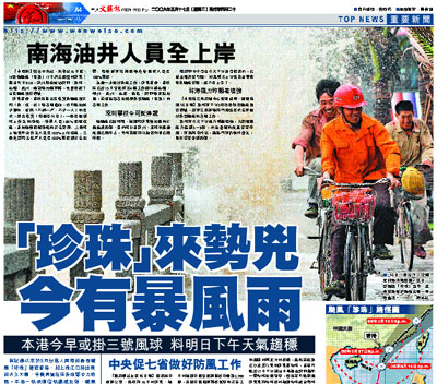 有紀錄以來於5月份進入南海的最強颱風「珍珠」逼近香港,加上珠江口將出現的天文大潮,令廣東省沿岸各地都全力防範。本港一號戒備信號繼續生效,颱風「珍珠」昨晚9時集結在香港之東南偏南約400公里,以時速約16公里向北移動,趨向廣東東部海岸。天文台說,按照現時預測途徑,「珍珠」會在今日後半部時間最接近本港,考慮在今早改發三號強風信號,「珍珠」雨帶亦會影響本港,今日全日都會有狂風暴雨,天氣情況要到明日下午才會轉趨穩定。
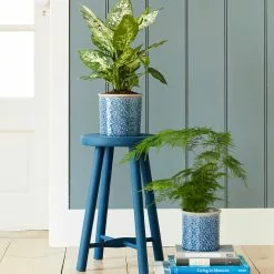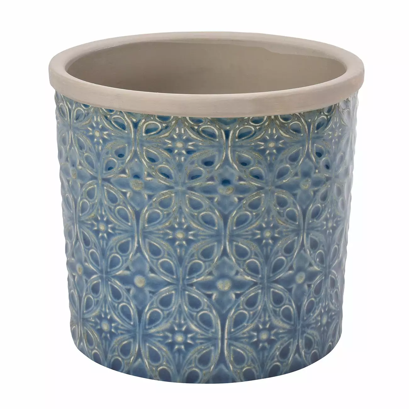 [/description][trade-description]Houseplants are firmly in vogue at the moment. These gorgeous cache-pots have a circular repeat design with a traditional feel – inspired by the fabulous tiles found in the Portuguese city of Porto.Made from stoneware and finished with a beautiful rich blue, crackle glaze.
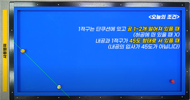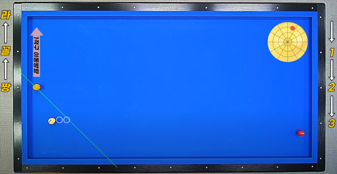 - 큐볼이 45도 각도에 배치되어 있을때 짱골라123으로 보고 2목적구 위치의 회전수를 산출
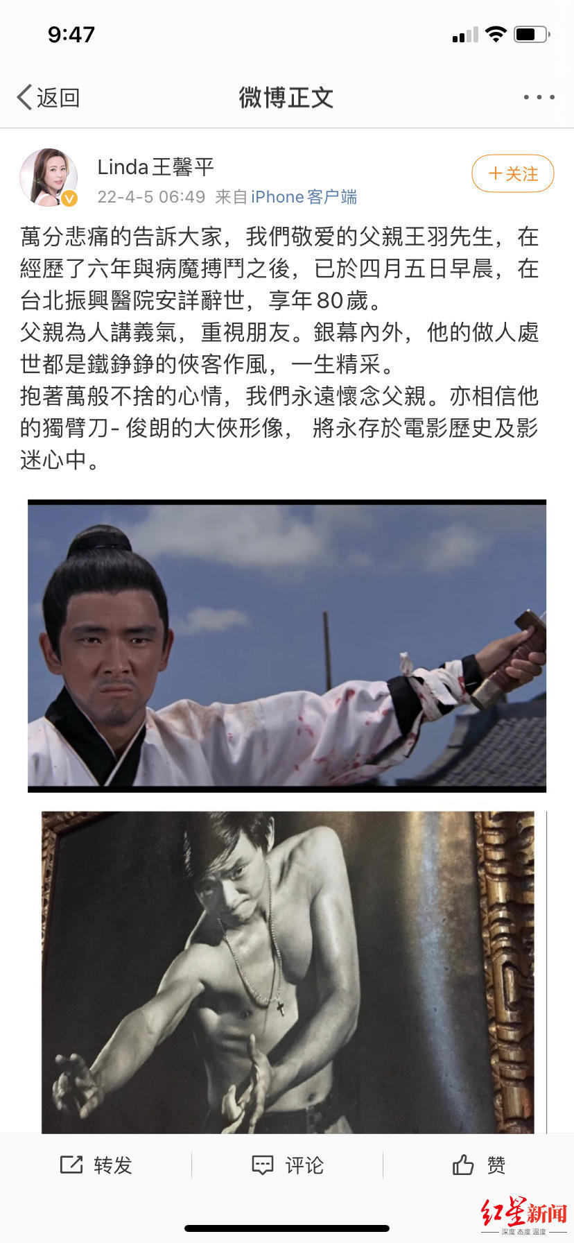 歌手王馨平在微博发文表示:“万分悲痛的告诉大家,我们敬爱的父亲王羽先生,在经历了六年与病魔搏斗之后,已于四月五日早晨,在台北振兴医院安详辞世,享年80岁。父亲为人讲义气,重视朋友。银幕内外,他的做人处世都是铁铮铮的侠客作风,一生精采(彩)。抱着万般不舍的心情,我们永远怀念父亲。亦相信他的独臂刀——俊朗的大侠形像(象),将永存于电影历史及影迷心中。”
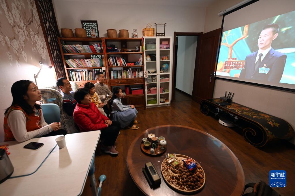 馬保利與家人一起收看《2023中國詩詞大會》決賽(2月3日攝)。
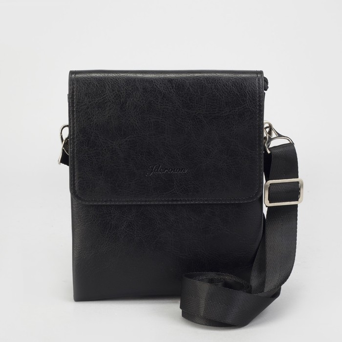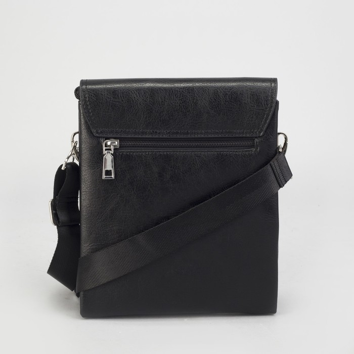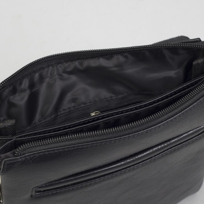 Планшет мужской, 3 отдела на молниях, 2 наружных кармана, длинный ремень, цвет чёрный
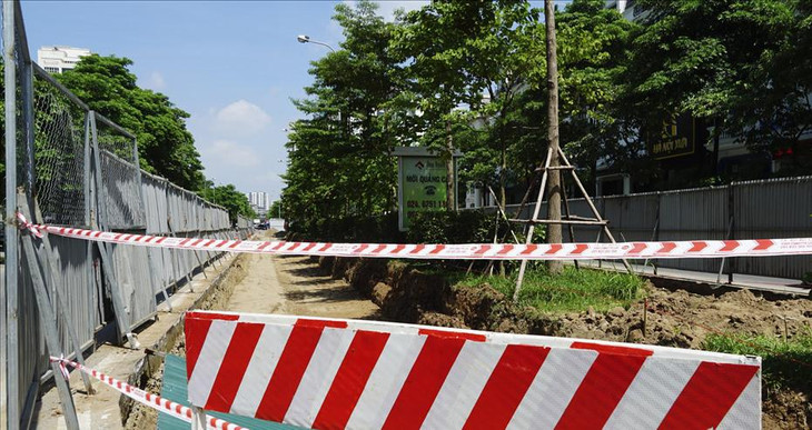 | Trong thời gian thi công, Sở GTVT Hà Nội tổ chức rào chắn bằng hàng rào tôn với chiều cao 2m xuyên dọc tuyến đường được mở rộng. |
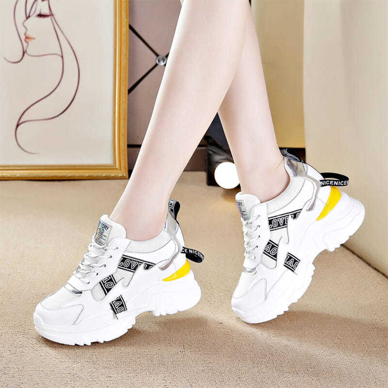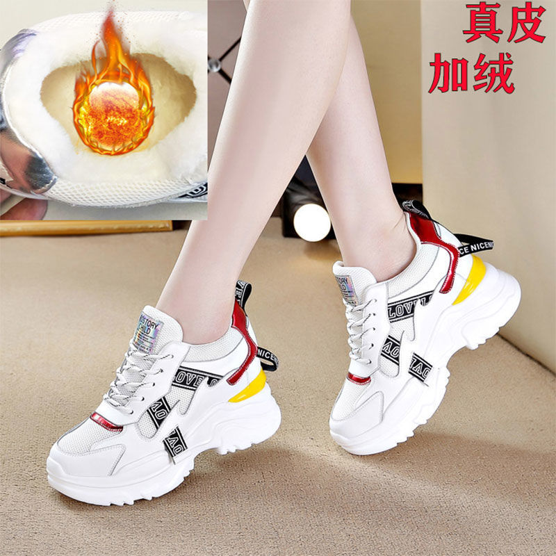 2022 New Daddy Shoes Women Ins Tide Superfire Genuine Leather 100 Hitch Sports Casual Shoes Thick Bottom Inner Heightening Small White Shoes
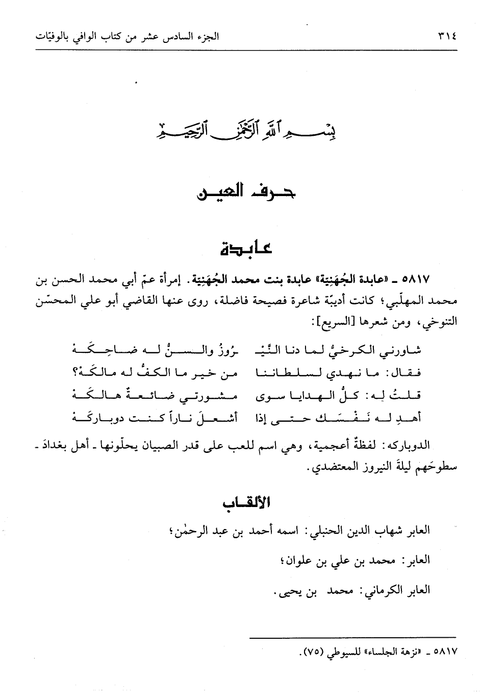 العابر شهَاب الدّين الْحَنْبَلِيّ اسْمه أَحْمد بن عبد الرَّحْمَن العابر مُحَمَّد بن عَليّ بن علوان العابر الْكرْمَانِي مُحَمَّد بن يحيى

## Task to carry out
If a record contains a picture, drop the picture and repeat the rest exactly.

## Output of the exercise
 有紀錄以來於5月份進入南海的最強颱風「珍珠」逼近香港,加上珠江口將出現的天文大潮,令廣東省沿岸各地都全力防範。本港一號戒備信號繼續生效,颱風「珍珠」昨晚9時集結在香港之東南偏南約400公里,以時速約16公里向北移動,趨向廣東東部海岸。天文台說,按照現時預測途徑,「珍珠」會在今日後半部時間最接近本港,考慮在今早改發三號強風信號,「珍珠」雨帶亦會影響本港,今日全日都會有狂風暴雨,天氣情況要到明日下午才會轉趨穩定。
 [/description][trade-description]Houseplants are firmly in vogue at the moment. These gorgeous cache-pots have a circular repeat design with a traditional feel – inspired by the fabulous tiles found in the Portuguese city of Porto.Made from stoneware and finished with a beautiful rich blue, crackle glaze.
 - 큐볼이 45도 각도에 배치되어 있을때 짱골라123으로 보고 2목적구 위치의 회전수를 산출
 歌手王馨平在微博发文表示:“万分悲痛的告诉大家,我们敬爱的父亲王羽先生,在经历了六年与病魔搏斗之后,已于四月五日早晨,在台北振兴医院安详辞世,享年80岁。父亲为人讲义气,重视朋友。银幕内外,他的做人处世都是铁铮铮的侠客作风,一生精采(彩)。抱着万般不舍的心情,我们永远怀念父亲。亦相信他的独臂刀——俊朗的大侠形像(象),将永存于电影历史及影迷心中。”
 馬保利與家人一起收看《2023中國詩詞大會》決賽(2月3日攝)。
 Планшет мужской, 3 отдела на молниях, 2 наружных кармана, длинный ремень, цвет чёрный
 | Trong thời gian thi công, Sở GTVT Hà Nội tổ chức rào chắn bằng hàng rào tôn với chiều cao 2m xuyên dọc tuyến đường được mở rộng. |
 2022 New Daddy Shoes Women Ins Tide Superfire Genuine Leather 100 Hitch Sports Casual Shoes Thick Bottom Inner Heightening Small White Shoes
 العابر شهَاب الدّين الْحَنْبَلِيّ اسْمه أَحْمد بن عبد الرَّحْمَن العابر مُحَمَّد بن عَليّ بن علوان العابر الْكرْمَانِي مُحَمَّد بن يحيى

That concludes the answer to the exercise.